• [Exercise details] Give the data below again exactly as it stands. Omit the pictures.

• [Data shown]

┌────────

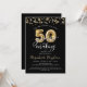Modern och festlig 50:e födelsedagsfest inbjudan med den titel du är inbjuden till 50 ÅR i Party I SKAPAR i kalligrafi-skript typografi och faux metallisk guld-ballong-nummer och guld-strömmare och konetti och vitt ljus i ditt bakgrundsval av färg (visas i svart). ASSISTANS: Om du vill ha hjälp med designändringar eller anpassning, ändrar färg, överför designen till en annan produkt eller om du vill samordna produkter kontaktar du designern INNAN du beställer den via Zazzle-Chatta eller e-post makeitaboutyoustore@gmail.com.
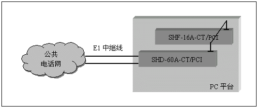 通道數(shù)較多的大中型應(yīng)用系統(tǒng),一般采用數(shù)字中繼線(E1)接入公共電話網(wǎng),三匯公司的SHD系列數(shù)字中繼卡可以提供相應(yīng)的解決方案。SHD系列數(shù)字中繼在一塊卡上集成了E1線接口,語音資源,信令處理等所必須的全部功能,其接入信令處理模塊可處理中國1號信令(SS1),7號信令(SS7),ISDN PRI協(xié)議(DSS1),單塊卡最多可支持4個E1接入。通過CT-BUS(或ST-BUS)總線,還可以在數(shù)字中繼線上實現(xiàn)傳真功能。典型應(yīng)用結(jié)構(gòu)如下圖:
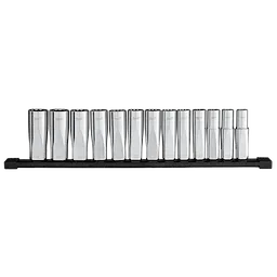 Juego de cubos métricos de pozo profundo de 12 puntas con boca de 1/2", 13 piezas
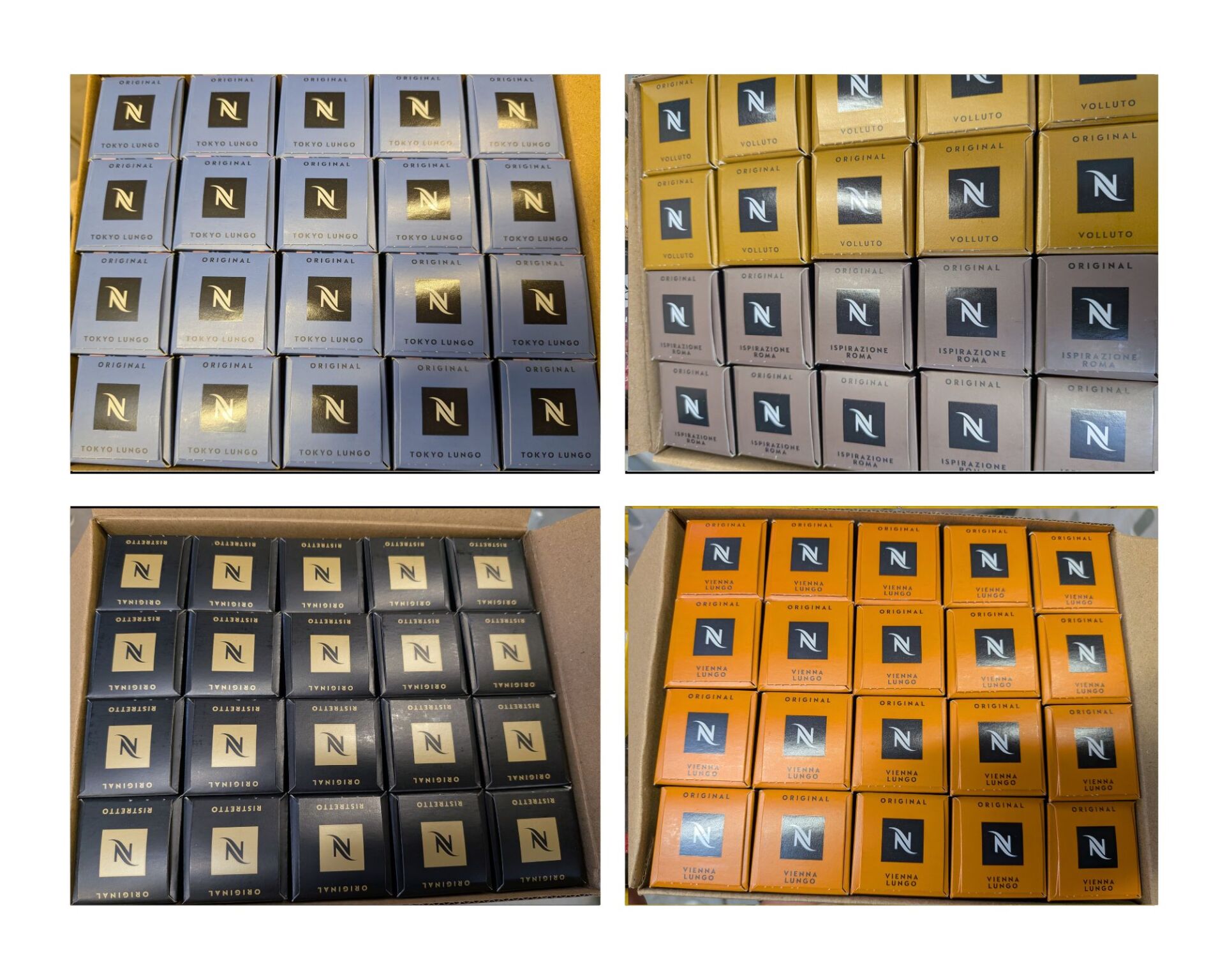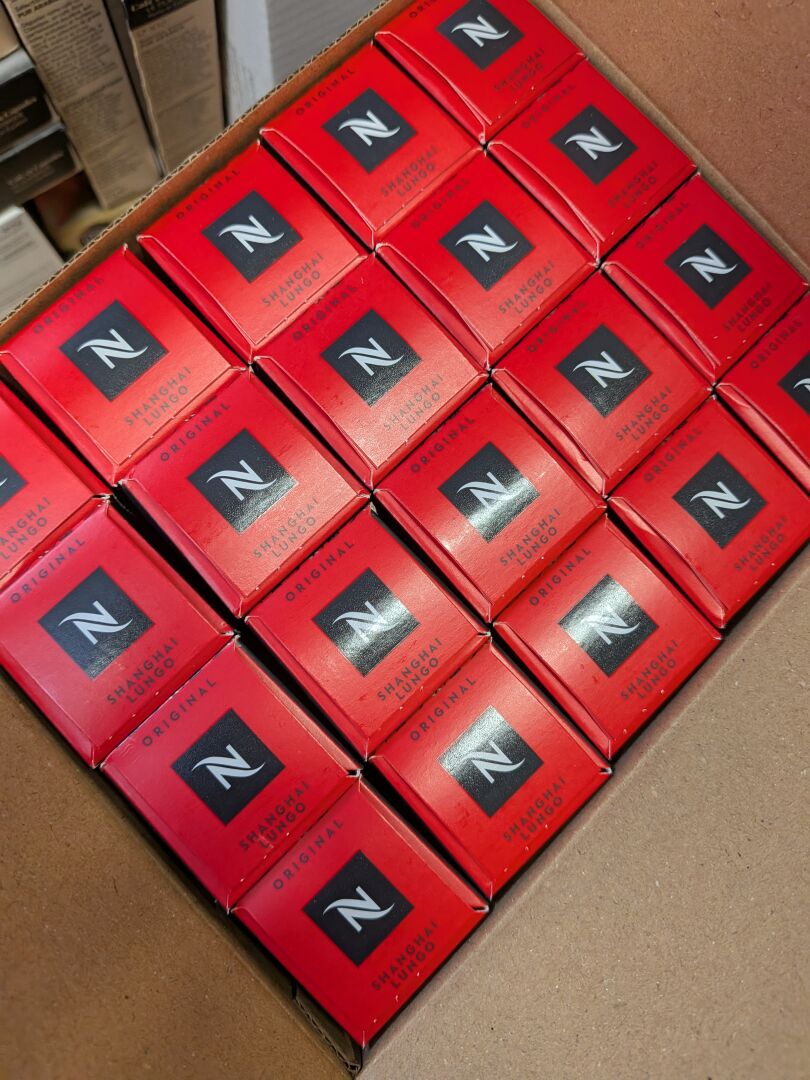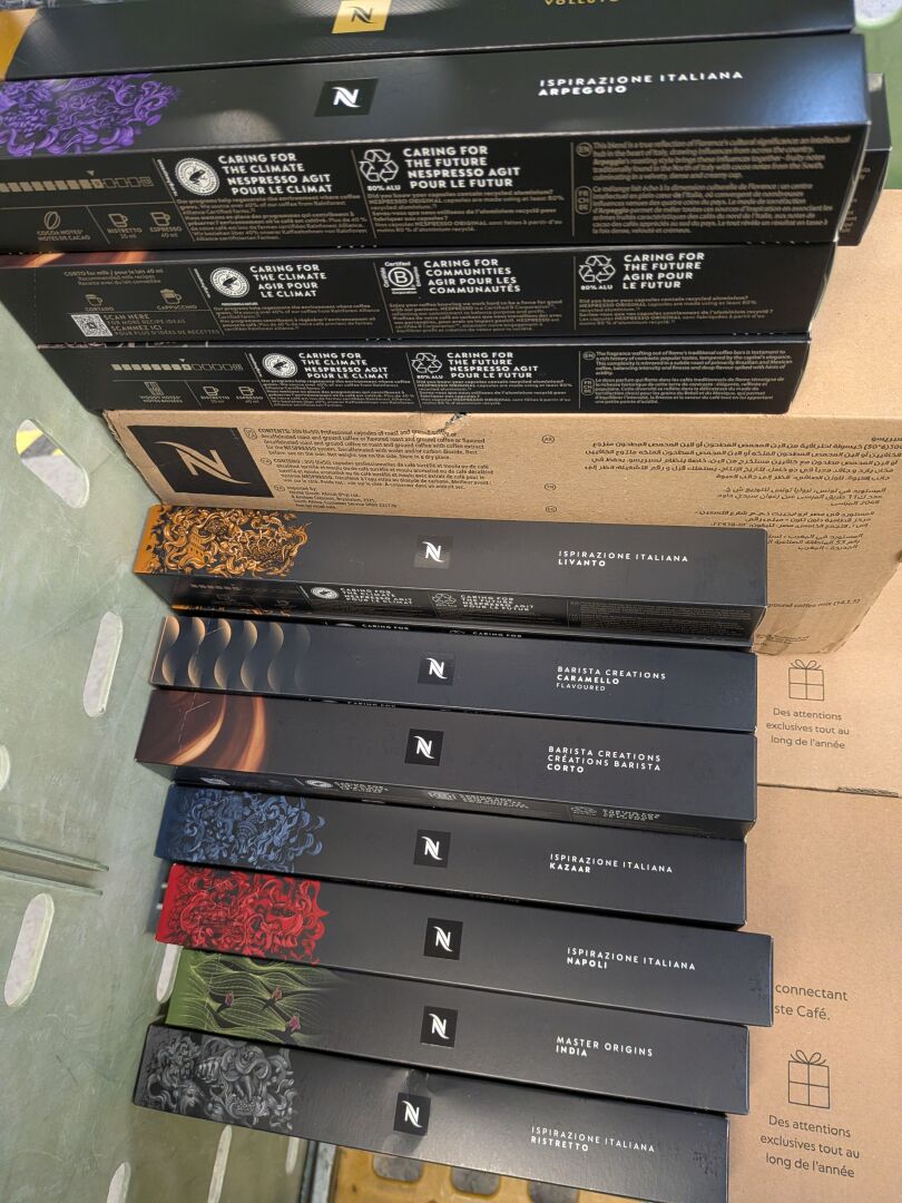 ENVIRON 45KG DE CAPSULES NESPRESSO CAFE (environ 46 KG) DONT COLOMBIA ORGANIC, CARAMELLO, NAPOLI, INDIA, VANIGLIA, ETHIOPIA, VOLLUTO, VIENNA LUNGO (expédition sur devis) Lot issu de colis non réclamés : l'acheteur fera son affaire personnelle des DLUO éventuellement dépassées

└────────

• [Output for this task]
Modern och festlig 50:e födelsedagsfest inbjudan med den titel du är inbjuden till 50 ÅR i Party I SKAPAR i kalligrafi-skript typografi och faux metallisk guld-ballong-nummer och guld-strömmare och konetti och vitt ljus i ditt bakgrundsval av färg (visas i svart). ASSISTANS: Om du vill ha hjälp med designändringar eller anpassning, ändrar färg, överför designen till en annan produkt eller om du vill samordna produkter kontaktar du designern INNAN du beställer den via Zazzle-Chatta eller e-post makeitaboutyoustore@gmail.com.
 通道數(shù)較多的大中型應(yīng)用系統(tǒng),一般采用數(shù)字中繼線(E1)接入公共電話網(wǎng),三匯公司的SHD系列數(shù)字中繼卡可以提供相應(yīng)的解決方案。SHD系列數(shù)字中繼在一塊卡上集成了E1線接口,語音資源,信令處理等所必須的全部功能,其接入信令處理模塊可處理中國1號信令(SS1),7號信令(SS7),ISDN PRI協(xié)議(DSS1),單塊卡最多可支持4個E1接入。通過CT-BUS(或ST-BUS)總線,還可以在數(shù)字中繼線上實現(xiàn)傳真功能。典型應(yīng)用結(jié)構(gòu)如下圖:
 Juego de cubos métricos de pozo profundo de 12 puntas con boca de 1/2", 13 piezas
 ENVIRON 45KG DE CAPSULES NESPRESSO CAFE (environ 46 KG) DONT COLOMBIA ORGANIC, CARAMELLO, NAPOLI, INDIA, VANIGLIA, ETHIOPIA, VOLLUTO, VIENNA LUNGO (expédition sur devis) Lot issu de colis non réclamés : l'acheteur fera son affaire personnelle des DLUO éventuellement dépassées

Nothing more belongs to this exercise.